What is the wierdest such thing that has happened to you?
Posted by: kpowerinfinity on: January 7, 2009
Just found this article on The Guardian site. Clay Shirky’s a professor at NYU and a scholar of Mass Media and the effect internet trends would have on them. Worth a read — I agree with some of his predictions (and presumptuously adding some of my own):
cost_of_traditional_book + cost_of_distribution_to_store > cost_of_printing_just_one_copy
The full article can be found here.
Posted by: kpowerinfinity on: January 6, 2009
I always wonder if companies should pursue community building with lots of users, or a few paid users. While both have their advantage, it is a question that can be better answered on a case-to-case basis. Many factors might affect the strategy a company might want to employ – funding levels (do you have money to invest through a franchise building phase?), maturity of the market (how many other players are there?), state of the product (is your product extremely well-defined, or are you tuning it still?), but I found this feature story by Sunil Gupta and Carl Mela that brings to the fore a new dimension and one I had not been able to quantify — indirect network effects — when you acquire a free customer, over time they might start buying from you, or attract other customers.

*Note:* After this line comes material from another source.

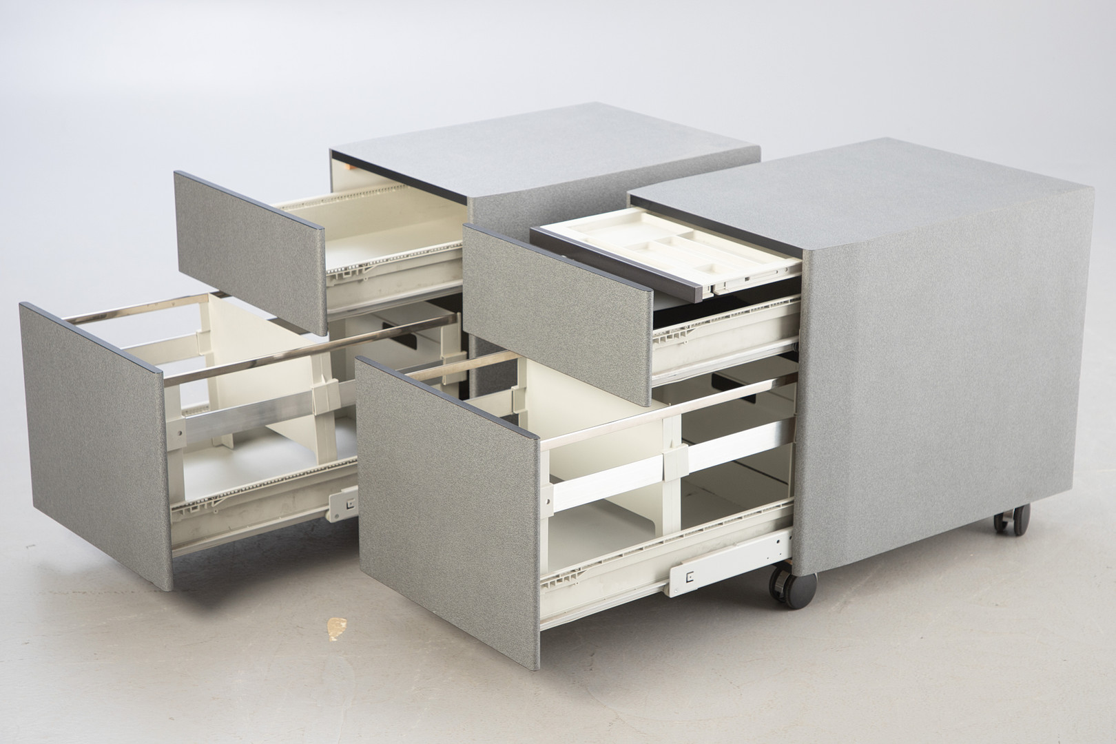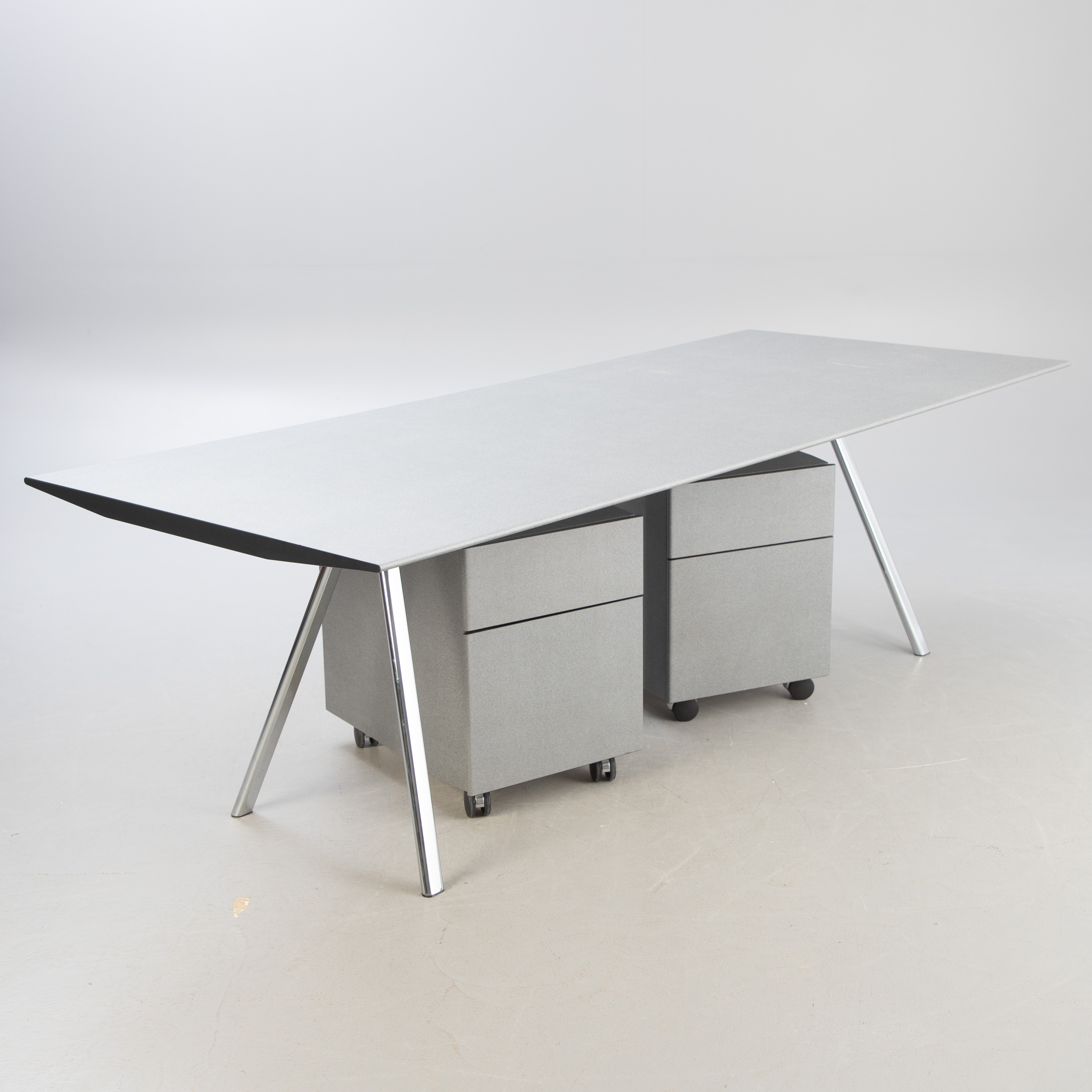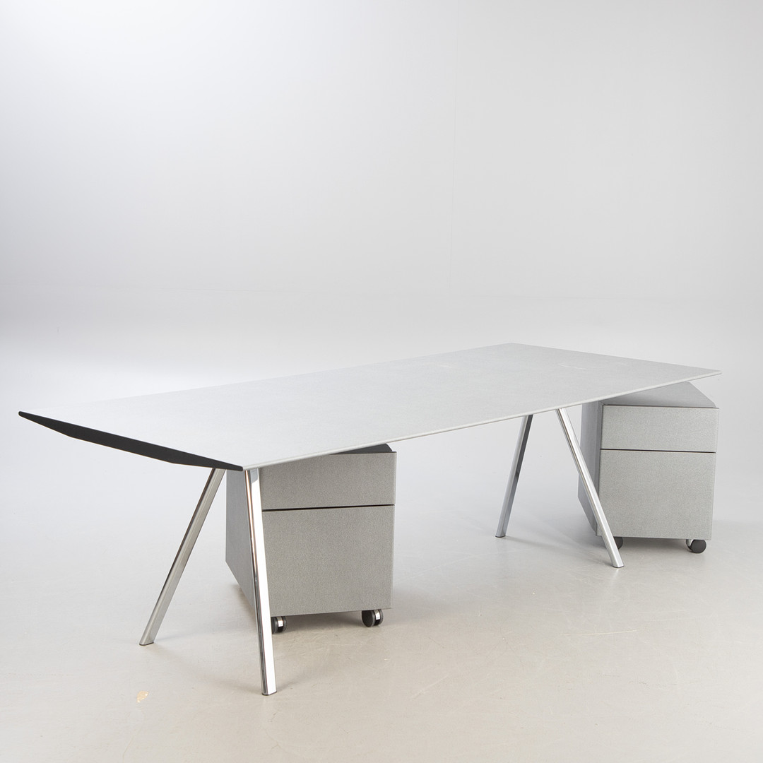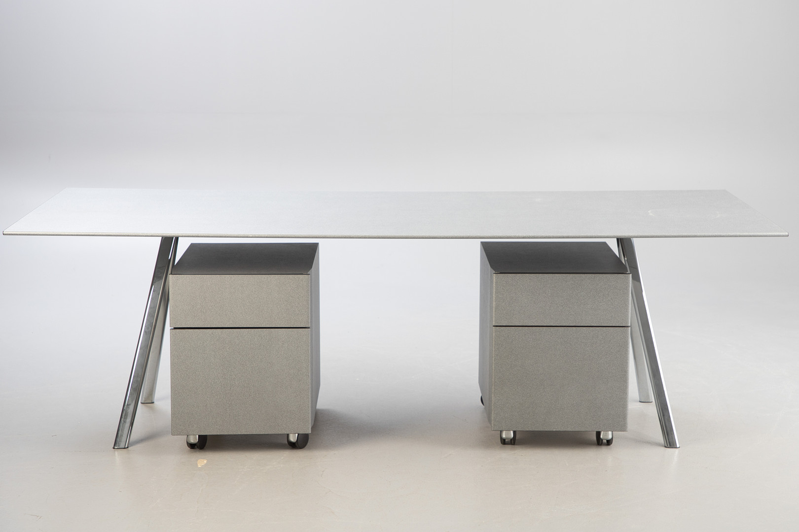 3440094. HANS EICHENBERGER. Tisch Wogg 7 mit 2 Rollcontainern.

Gupta and Mela point out these free customers are extremely important for many businesses — from a shopping mall where they build up aspirational value and buy products later, or gaming consoles where it drives more developers and a wider eco-system leading to a higher monetization. They explain these in light of an online auctions house — where more buyers lead to more sellers and higher lifetime earnings even though the buyers don’t actually pay a fee. What’s really interesting about the report is that they have quantified these indirect network effects, explain how a penetrative pricing (low initially, and higher later) leads to higher lifetime earnings since it broadens the base.
Also reminds me of when I was talking to a manager in Shoppers Stop sometime back, and he told me that everybody walking into his store is a potential customer — they might not buy anything now, but the fact that they walked in shows that they are interested in buying something, and will come back and buy. Which is also true of brands targeting youth — they don’t have a lot of immediate spending power, but very high lifetime earnings, and so you are better off getting them hooked onto your products.